**Exercise prompt:** An exact repetition of the data is required; no picture should appear in it.

**Data block:**

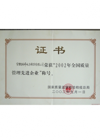 全國質量管理先進企業(yè)
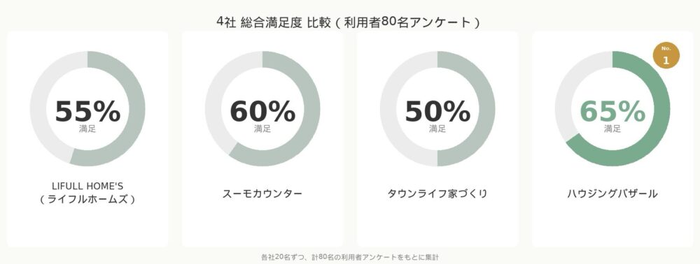 満足度でもハウジングバザールが4社中トップ(65%)で、自然素材に特化したサービスならではの強みが出ています。
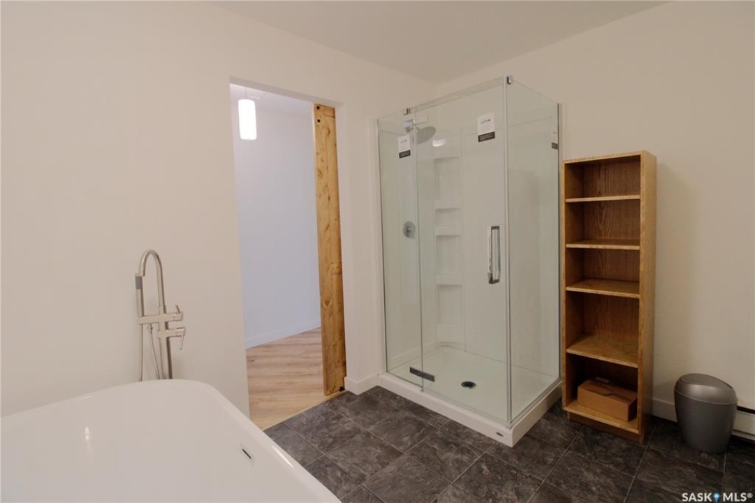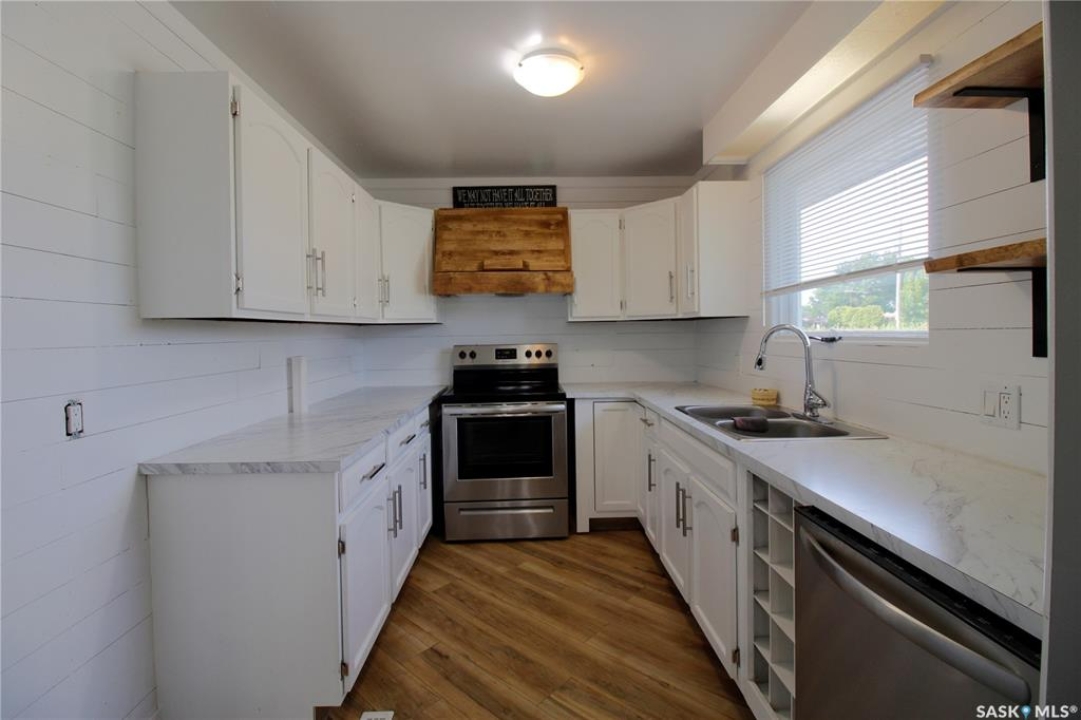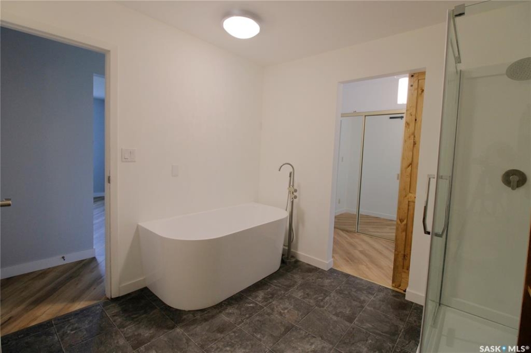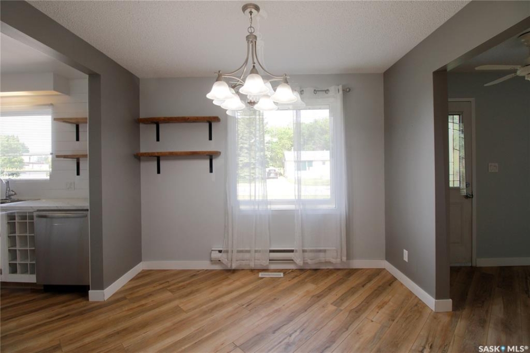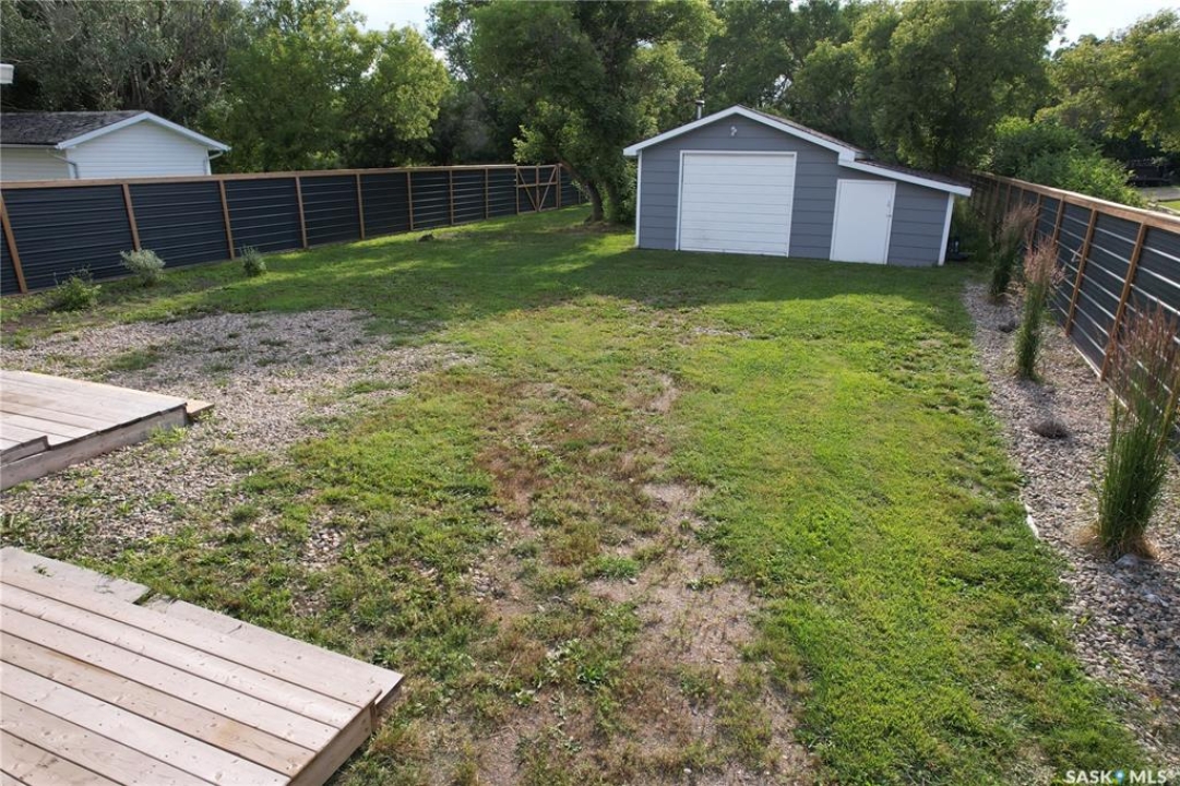 Welcome to this beautifully updated rustic-modern home, ideally situated on the outskirts of town—offering a peaceful setting while keeping amenities within easy reach. The fully fenced yard—surrounded by an 8-ft metal privacy fence—offers both security and seclusion, with a gate that allows you to park anything you want in the backyard. A detached garage with a concrete floor on one side and a shed on the other provides excellent storage and workspace versatility. Inside the house, you'll find a bright, spacious interior that has been tastefully renovated with new flooring, fresh paint, and a stunning, brand-new 4-piece bathroom. This luxurious space includes a stand-up shower and a deep soaker tub—never used and ready for you to enjoy. Originally built in 1975 with 1,040 sq. ft. of living space, the home recently received a thoughtful 320 sq. ft. addition in 2025. This new master bedroom suite features direct access to the backyard and a spacious walk-in closet, providing the perfect retreat at the end of the day. Functionality meets convenience with a dedicated laundry room and mudroom/porch off the side entrance, complete with a walkout deck to the backyard—perfect for entertaining or relaxing outdoors. In the laundry room, the first closed door provides access to the partial basement, where you'll find the furnace, water heater, and upgraded 200-amp panel. Additionally, behind the cabinet in the laundry room, there's existing plumbing where a sink used to be—offering the potential to easily reinstall one if desired. This property is ideal for animal lovers, first-time homebuyers, or those looking to downsize from farm life while still enjoying a large, manageable yard. Low-maintenance living and a touch of country charm make this a perfect blend of comfort and space. Don't miss out—book your showing today and contact the agent of your choice to make this inviting home yours!

**Final answer:**
 全國質量管理先進企業(yè)
 満足度でもハウジングバザールが4社中トップ(65%)で、自然素材に特化したサービスならではの強みが出ています。
 Welcome to this beautifully updated rustic-modern home, ideally situated on the outskirts of town—offering a peaceful setting while keeping amenities within easy reach. The fully fenced yard—surrounded by an 8-ft metal privacy fence—offers both security and seclusion, with a gate that allows you to park anything you want in the backyard. A detached garage with a concrete floor on one side and a shed on the other provides excellent storage and workspace versatility. Inside the house, you'll find a bright, spacious interior that has been tastefully renovated with new flooring, fresh paint, and a stunning, brand-new 4-piece bathroom. This luxurious space includes a stand-up shower and a deep soaker tub—never used and ready for you to enjoy. Originally built in 1975 with 1,040 sq. ft. of living space, the home recently received a thoughtful 320 sq. ft. addition in 2025. This new master bedroom suite features direct access to the backyard and a spacious walk-in closet, providing the perfect retreat at the end of the day. Functionality meets convenience with a dedicated laundry room and mudroom/porch off the side entrance, complete with a walkout deck to the backyard—perfect for entertaining or relaxing outdoors. In the laundry room, the first closed door provides access to the partial basement, where you'll find the furnace, water heater, and upgraded 200-amp panel. Additionally, behind the cabinet in the laundry room, there's existing plumbing where a sink used to be—offering the potential to easily reinstall one if desired. This property is ideal for animal lovers, first-time homebuyers, or those looking to downsize from farm life while still enjoying a large, manageable yard. Low-maintenance living and a touch of country charm make this a perfect blend of comfort and space. Don't miss out—book your showing today and contact the agent of your choice to make this inviting home yours!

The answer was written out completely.